#### ACTIVITY
Copy the entries below word for word, minus the pictures.

#### PROVIDED RECORDS

★ ★ ★ ★ ★

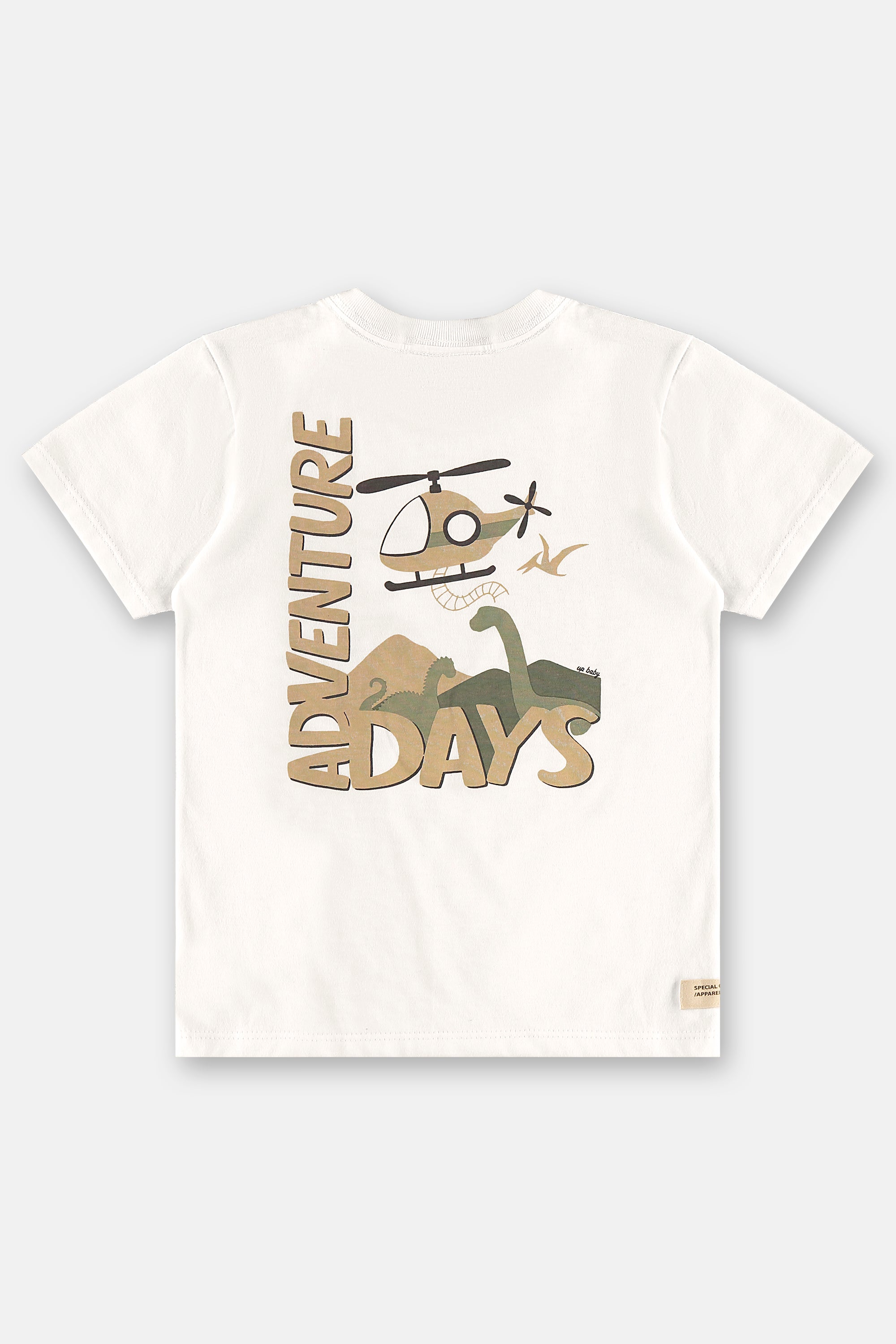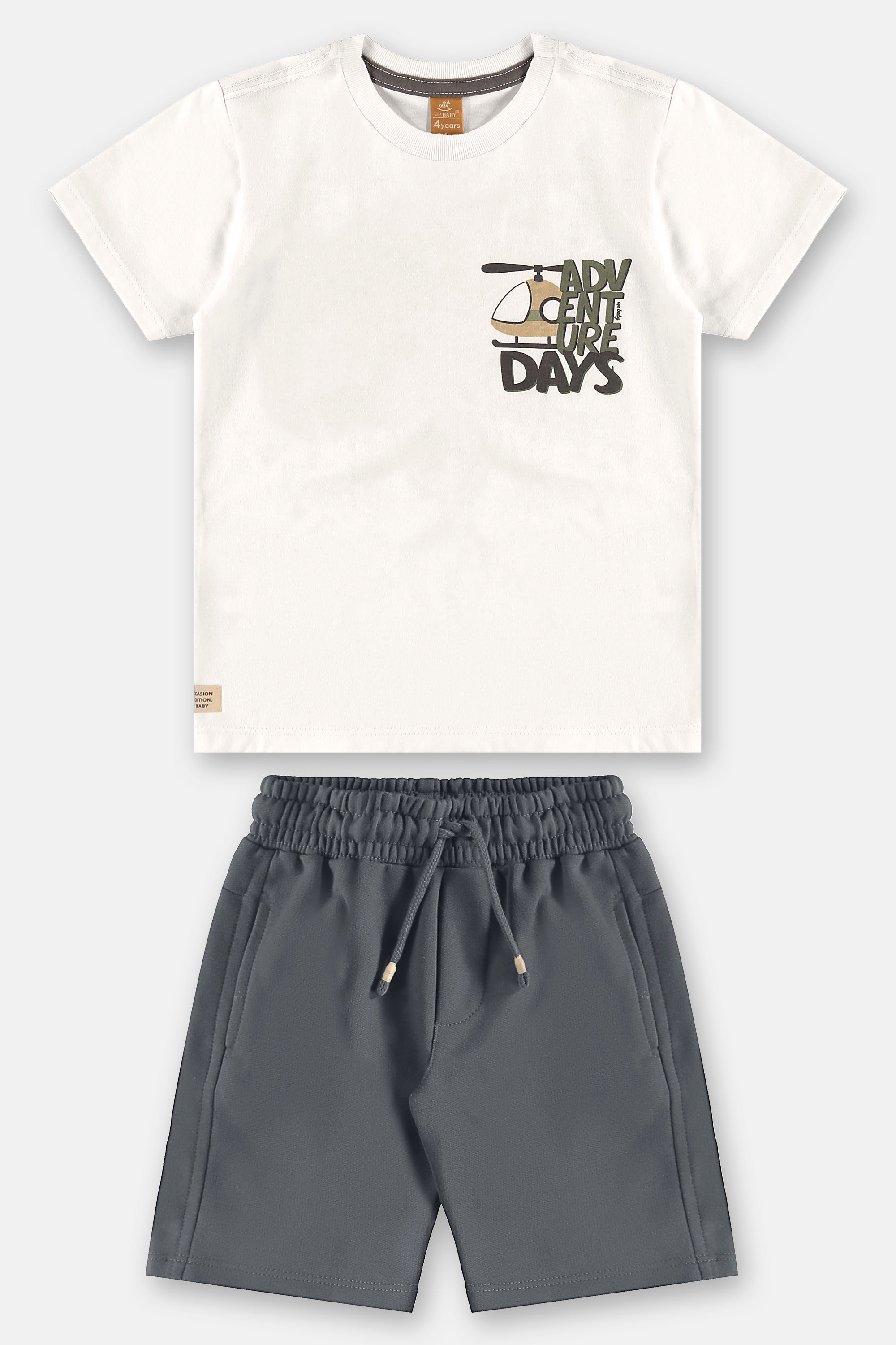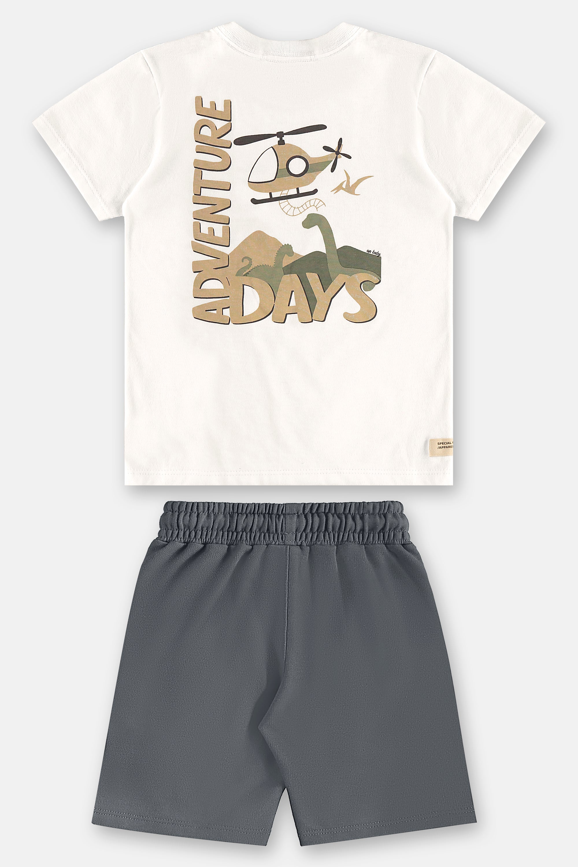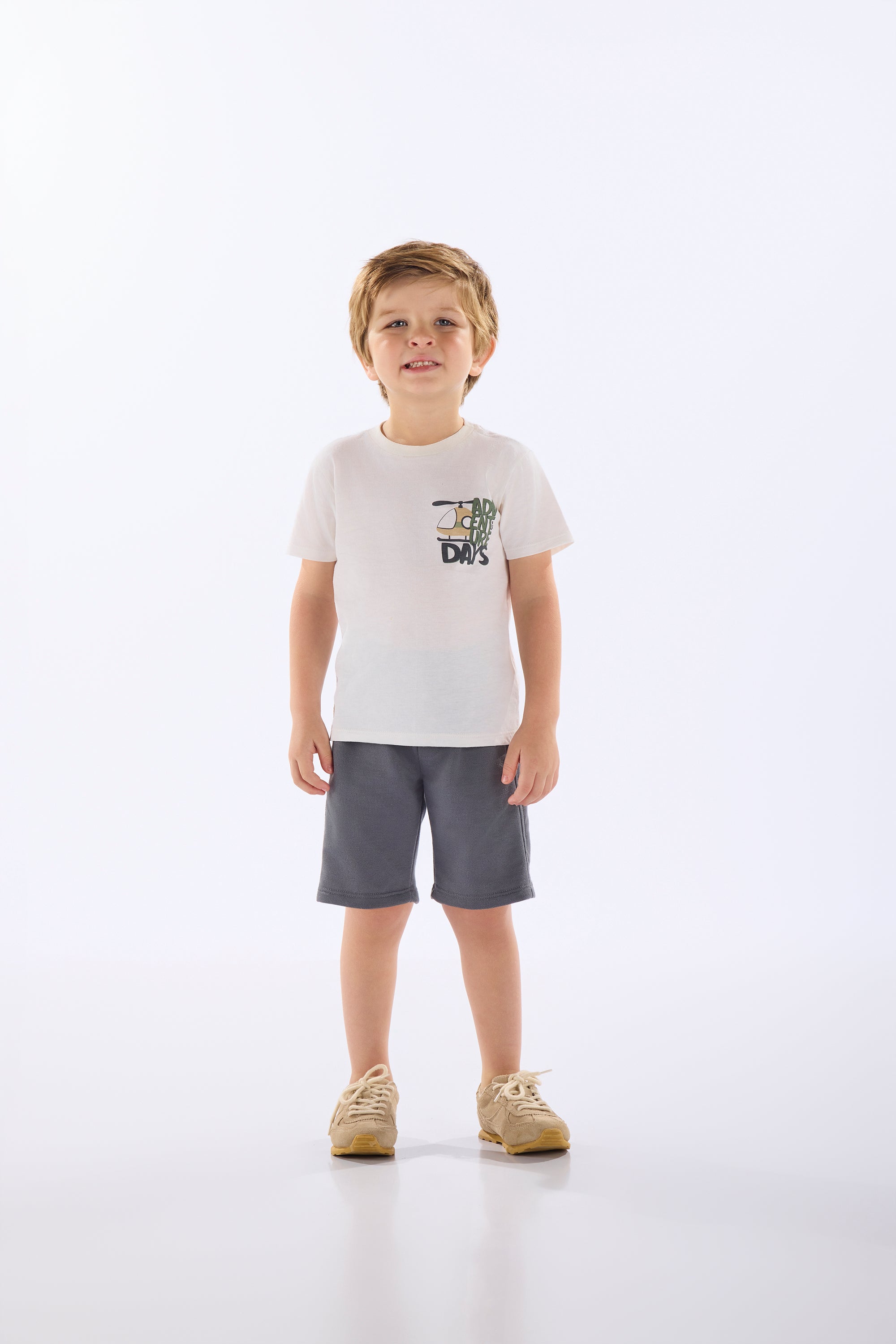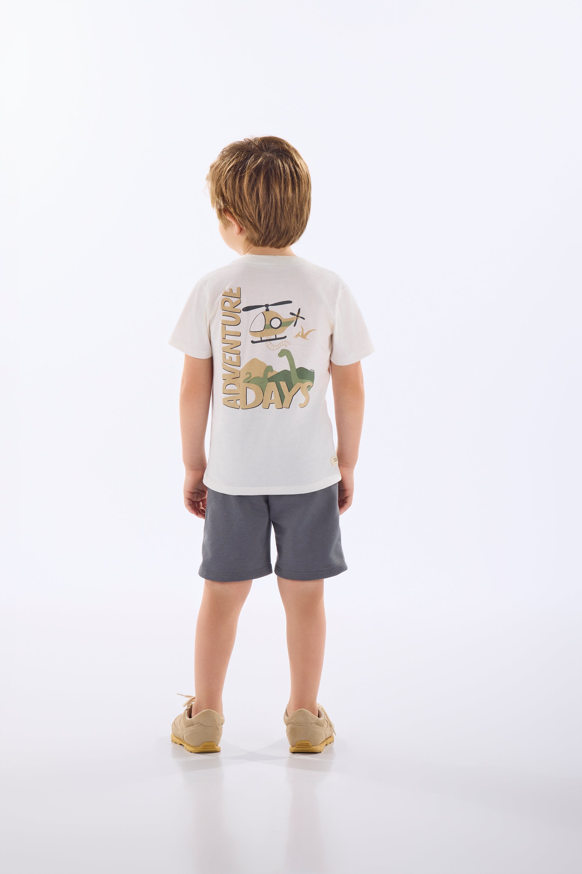 El Conjunto Niño Adventure Days Blanco y Gris es ideal para los pequeños exploradores que buscan comodidad y estilo en cada aventura. Incluye una polera blanca de manga corta con estampado frontal y trasero de helicóptero y dinosaurios, acompañado de la frase “Adventure Days”, que inspira diversión y movimiento. El short gris oscuro complementa el conjunto con un diseño sencillo y práctico.
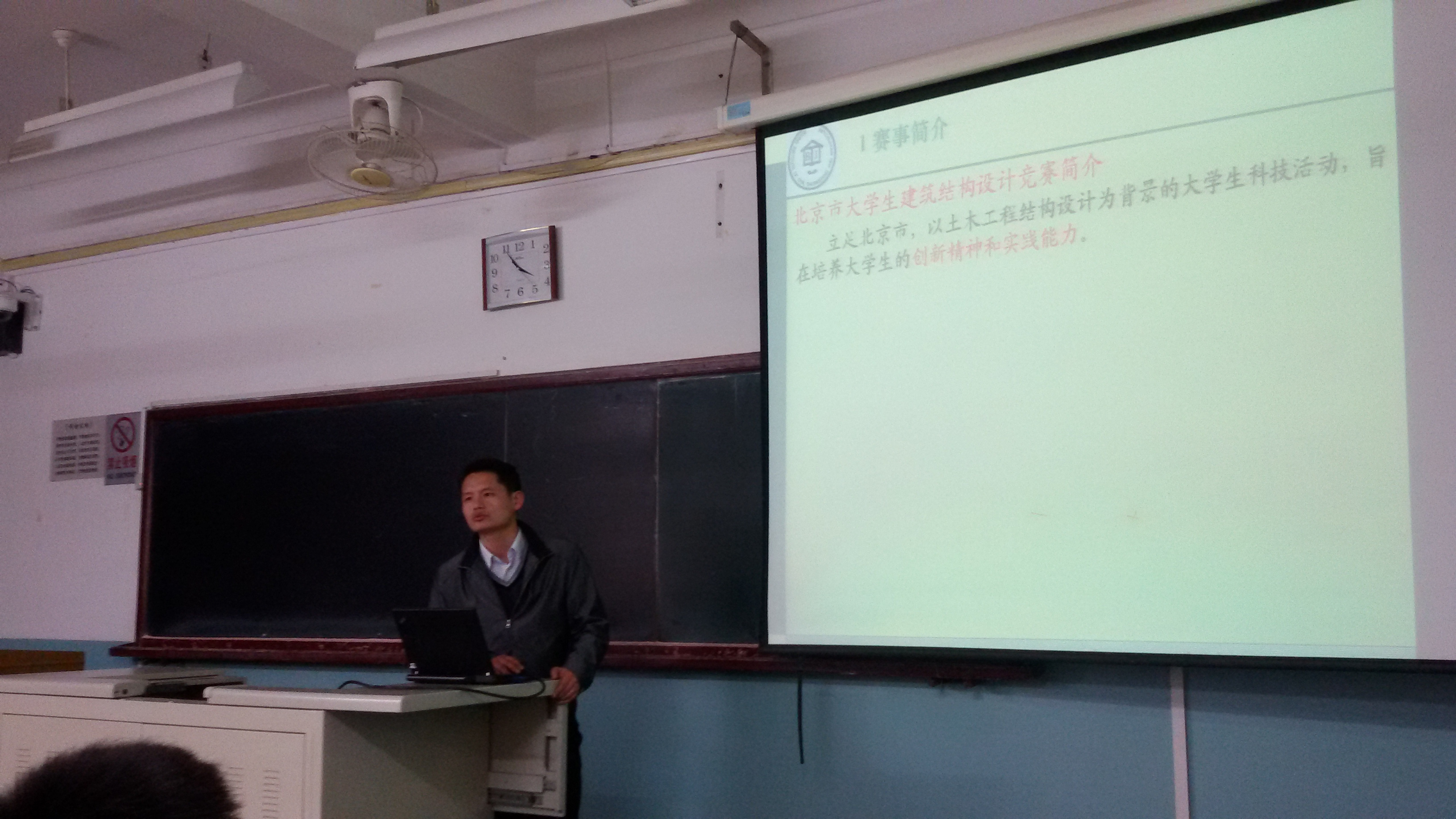 为促进我校学生在第三届竞赛中得到更多锻炼、取得较好成绩,我校第三届北京市大学生建筑结构设计竞赛校内选拔赛已经全面启动,并计划与4月中下旬举办校内选拔赛决赛。经过前期的组队报名,此次校内赛共有30组队伍、近180名同学报名参赛。太阳成集团tyc7111cc作为此项竞赛的主要组织单位,于3月25日邀请专业指导教师祝磊老师、庄鹏老师和焦驰宇老师为同学们举办了第三届北京市大学生建筑结构竞赛赛前辅导。
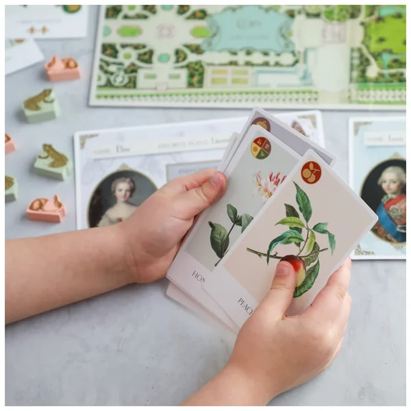 Envoyez vos assistants dans différentes parties du jardin de Versailles pour cueillir des fleurs, trouver des pièces, faire du commerce et inviter des amis animaux à votre fête.
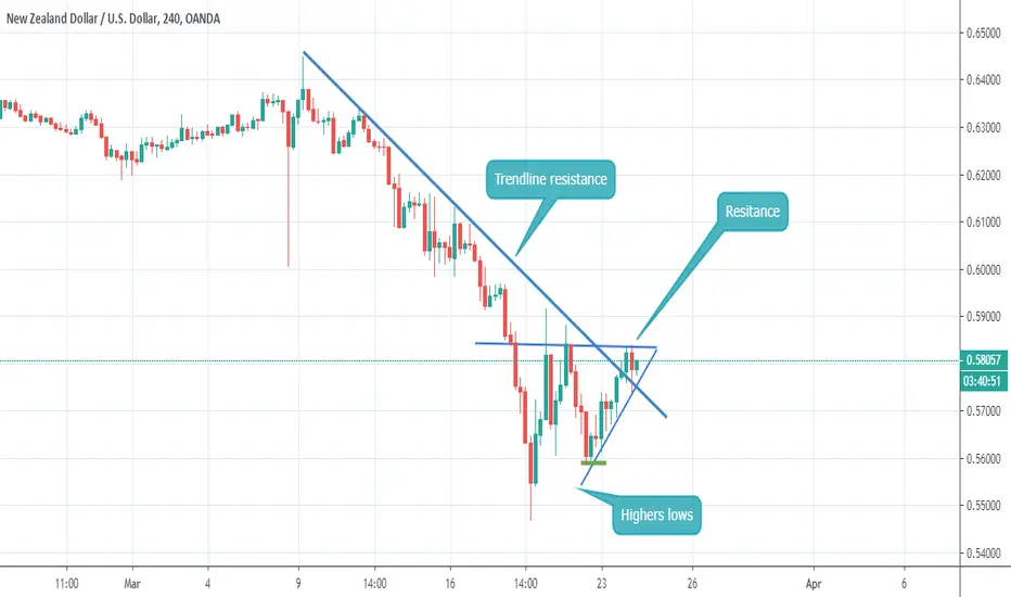 Hello friends, here is our analysis on NZDUSD in H4 time frame. As we can see that the pair is making new higher lows and at the same time not breaking its resistance as well. However the upper trend line that acted as a support is broken and also retested. We will suggest you guys to wait till the rectangle pattern is broken and retested. We will keep you updated on this.
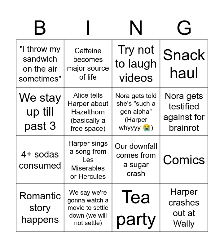 This bingo card has 16 words: Romantic story happens, We say we're gonna watch a movie to settle down (we will not settle), Try not to laugh videos, Snack haul, We stay up till past 3, Caffeine becomes major source of life, Our downfall comes from a sugar crash, Comics, "I throw my sandwich on the air sometimes", Alice tells Harper about Hazelthorn (basically a free space), Tea party, Nora gets testified against for brainrot, 4+ sodas consumed, Harper sings a song from Les Miserables or Hercules, Nora gets told she's "such a gen alpha" (Harper whyyyy 😭) and Harper crashes out at Wally.

★ ★ ★ ★ ★

#### RESULT
 El Conjunto Niño Adventure Days Blanco y Gris es ideal para los pequeños exploradores que buscan comodidad y estilo en cada aventura. Incluye una polera blanca de manga corta con estampado frontal y trasero de helicóptero y dinosaurios, acompañado de la frase “Adventure Days”, que inspira diversión y movimiento. El short gris oscuro complementa el conjunto con un diseño sencillo y práctico.
 为促进我校学生在第三届竞赛中得到更多锻炼、取得较好成绩,我校第三届北京市大学生建筑结构设计竞赛校内选拔赛已经全面启动,并计划与4月中下旬举办校内选拔赛决赛。经过前期的组队报名,此次校内赛共有30组队伍、近180名同学报名参赛。太阳成集团tyc7111cc作为此项竞赛的主要组织单位,于3月25日邀请专业指导教师祝磊老师、庄鹏老师和焦驰宇老师为同学们举办了第三届北京市大学生建筑结构竞赛赛前辅导。
 Envoyez vos assistants dans différentes parties du jardin de Versailles pour cueillir des fleurs, trouver des pièces, faire du commerce et inviter des amis animaux à votre fête.
 Hello friends, here is our analysis on NZDUSD in H4 time frame. As we can see that the pair is making new higher lows and at the same time not breaking its resistance as well. However the upper trend line that acted as a support is broken and also retested. We will suggest you guys to wait till the rectangle pattern is broken and retested. We will keep you updated on this.
 This bingo card has 16 words: Romantic story happens, We say we're gonna watch a movie to settle down (we will not settle), Try not to laugh videos, Snack haul, We stay up till past 3, Caffeine becomes major source of life, Our downfall comes from a sugar crash, Comics, "I throw my sandwich on the air sometimes", Alice tells Harper about Hazelthorn (basically a free space), Tea party, Nora gets testified against for brainrot, 4+ sodas consumed, Harper sings a song from Les Miserables or Hercules, Nora gets told she's "such a gen alpha" (Harper whyyyy 😭) and Harper crashes out at Wally.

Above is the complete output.